• _PROMPT_: Give the entries again exactly; drop the pictures.

Items listed in a dataset:
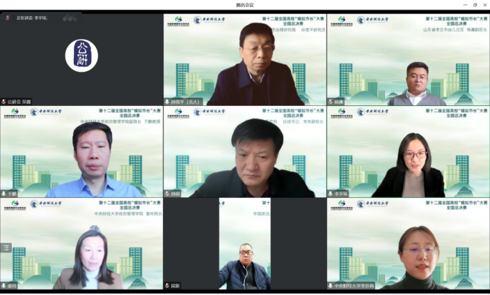 2022年12月3日下午,第十二届全国高校“模拟市长”大赛全国总决赛胜利举行。大赛由中国管理现代化研究会政府战略与公共政策研究专业委员会、kaiyun开云官方网站主办,“未来公务员之家”德育示范基地、公共管理研究会承办。本届模拟市长大赛自8月启动以来,共吸引近五十所高校近360余支队伍参赛,经专家评审,最终来自中国人民大学、中山大学、南开大学、山东大学、四川大学、华南理工大学、深圳大学、首都经济贸易大学、中南财经政法大学、kaiyun开云官方网站十所高校11支队伍入围全国总决赛。
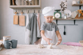 Młoda szczęśliwa mama i jej dziecko gotują ciasteczka w domu w kuchni. Boże Narodzenie domowy piernik. słodkie chłopiec z matka w biały mundur i kapelusz gotowane ciasteczka czekoladowe
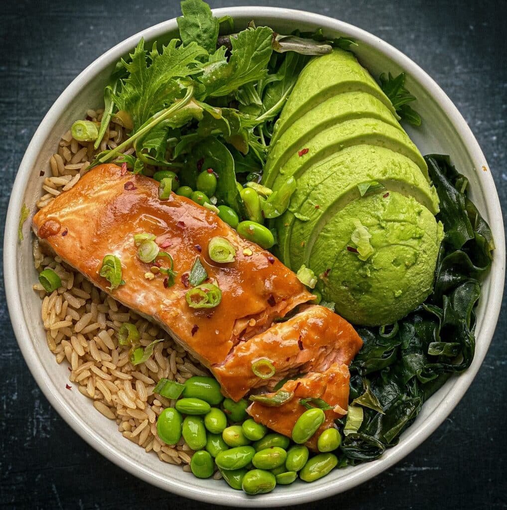 This bowl is giving everything — glossy teriyaki salmon, brown rice, creamy sliced avocado, edamame, seaweed, and fresh greens all in one beautiful dish.
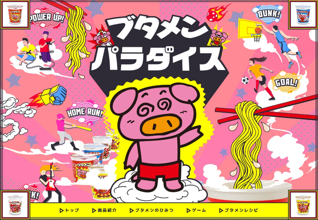 とんこつ味・しょうゆ味・カレー味・タン塩味の4種類から選べる『ブタメン』は、具がないシンプルさゆえに、身近な食材をほんの少しプラスするだけで、もっと楽しく食べられるユニークな商品。そんな簡単で美味しい『ブタメン』のちょい足しアレンジレシピを、特設サイト「ブタメンパラダイス」で多数紹介中!どのアレンジレシピも、マネしたくなる・シェアしたくなること間違いなし!他にも、お湯を注いで待つ時間までも楽しめるゲームコンテンツなど、ついつい誰かに話したくなるブタメンのネタが大集結したブタメンの特設サイト「ブタメンパラダイス」。さぁ、キミの自由な発想で『ブタメン』をもっともっと楽しんじゃおう!!
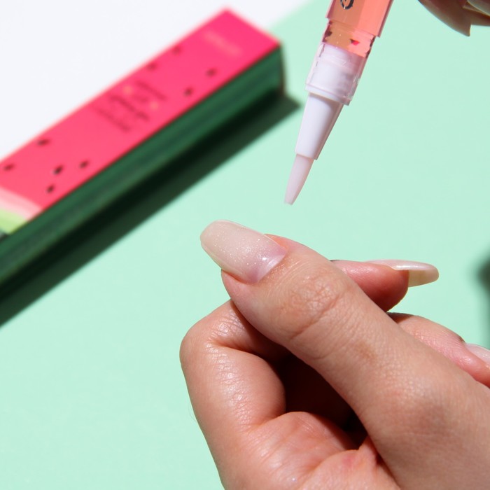 Способ применения: прокрутите основание несколько раз, пока масло не появится на кисточке. Распределите с её помощью средство по всей кутикуле. Подождите 2-3 минуты до впитывания средства. Вотрите остатки лёгкими массажными движениями.

• _FINAL ANSWER_:
 2022年12月3日下午,第十二届全国高校“模拟市长”大赛全国总决赛胜利举行。大赛由中国管理现代化研究会政府战略与公共政策研究专业委员会、kaiyun开云官方网站主办,“未来公务员之家”德育示范基地、公共管理研究会承办。本届模拟市长大赛自8月启动以来,共吸引近五十所高校近360余支队伍参赛,经专家评审,最终来自中国人民大学、中山大学、南开大学、山东大学、四川大学、华南理工大学、深圳大学、首都经济贸易大学、中南财经政法大学、kaiyun开云官方网站十所高校11支队伍入围全国总决赛。
 Młoda szczęśliwa mama i jej dziecko gotują ciasteczka w domu w kuchni. Boże Narodzenie domowy piernik. słodkie chłopiec z matka w biały mundur i kapelusz gotowane ciasteczka czekoladowe
 This bowl is giving everything — glossy teriyaki salmon, brown rice, creamy sliced avocado, edamame, seaweed, and fresh greens all in one beautiful dish.
 とんこつ味・しょうゆ味・カレー味・タン塩味の4種類から選べる『ブタメン』は、具がないシンプルさゆえに、身近な食材をほんの少しプラスするだけで、もっと楽しく食べられるユニークな商品。そんな簡単で美味しい『ブタメン』のちょい足しアレンジレシピを、特設サイト「ブタメンパラダイス」で多数紹介中!どのアレンジレシピも、マネしたくなる・シェアしたくなること間違いなし!他にも、お湯を注いで待つ時間までも楽しめるゲームコンテンツなど、ついつい誰かに話したくなるブタメンのネタが大集結したブタメンの特設サイト「ブタメンパラダイス」。さぁ、キミの自由な発想で『ブタメン』をもっともっと楽しんじゃおう!!
 Способ применения: прокрутите основание несколько раз, пока масло не появится на кисточке. Распределите с её помощью средство по всей кутикуле. Подождите 2-3 минуты до впитывания средства. Вотрите остатки лёгкими массажными движениями.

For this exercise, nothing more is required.